Records provided =
----

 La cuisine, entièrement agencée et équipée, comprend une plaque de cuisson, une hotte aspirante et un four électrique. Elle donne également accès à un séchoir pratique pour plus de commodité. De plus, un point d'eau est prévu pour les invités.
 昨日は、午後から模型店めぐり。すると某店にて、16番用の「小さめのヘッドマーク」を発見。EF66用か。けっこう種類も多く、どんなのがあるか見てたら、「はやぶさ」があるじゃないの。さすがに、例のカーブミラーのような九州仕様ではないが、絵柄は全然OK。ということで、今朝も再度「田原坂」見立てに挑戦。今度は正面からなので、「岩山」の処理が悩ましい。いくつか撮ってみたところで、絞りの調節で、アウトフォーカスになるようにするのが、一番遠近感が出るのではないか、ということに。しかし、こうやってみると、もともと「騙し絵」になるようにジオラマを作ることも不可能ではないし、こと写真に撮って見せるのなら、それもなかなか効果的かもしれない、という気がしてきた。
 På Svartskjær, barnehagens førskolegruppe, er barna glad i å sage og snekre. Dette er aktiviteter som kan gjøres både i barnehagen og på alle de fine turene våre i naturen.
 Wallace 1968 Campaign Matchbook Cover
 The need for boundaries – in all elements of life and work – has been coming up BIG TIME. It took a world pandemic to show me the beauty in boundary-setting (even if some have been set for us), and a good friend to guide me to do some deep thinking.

----

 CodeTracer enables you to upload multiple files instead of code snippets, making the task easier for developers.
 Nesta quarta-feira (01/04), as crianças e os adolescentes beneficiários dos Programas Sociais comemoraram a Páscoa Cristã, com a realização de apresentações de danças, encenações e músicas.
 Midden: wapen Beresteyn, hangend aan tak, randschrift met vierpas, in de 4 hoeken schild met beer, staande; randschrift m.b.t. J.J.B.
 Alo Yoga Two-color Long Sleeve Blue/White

----

Retype exactly the span of lines from the one with "Nesta quarta-feira (01/04), as" through the one with "Alo Yoga Two-color Long Sleeve Blue/White"; include both ends and omit the rest of the material.

 Nesta quarta-feira (01/04), as crianças e os adolescentes beneficiários dos Programas Sociais comemoraram a Páscoa Cristã, com a realização de apresentações de danças, encenações e músicas.
 Midden: wapen Beresteyn, hangend aan tak, randschrift met vierpas, in de 4 hoeken schild met beer, staande; randschrift m.b.t. J.J.B.
 Alo Yoga Two-color Long Sleeve Blue/White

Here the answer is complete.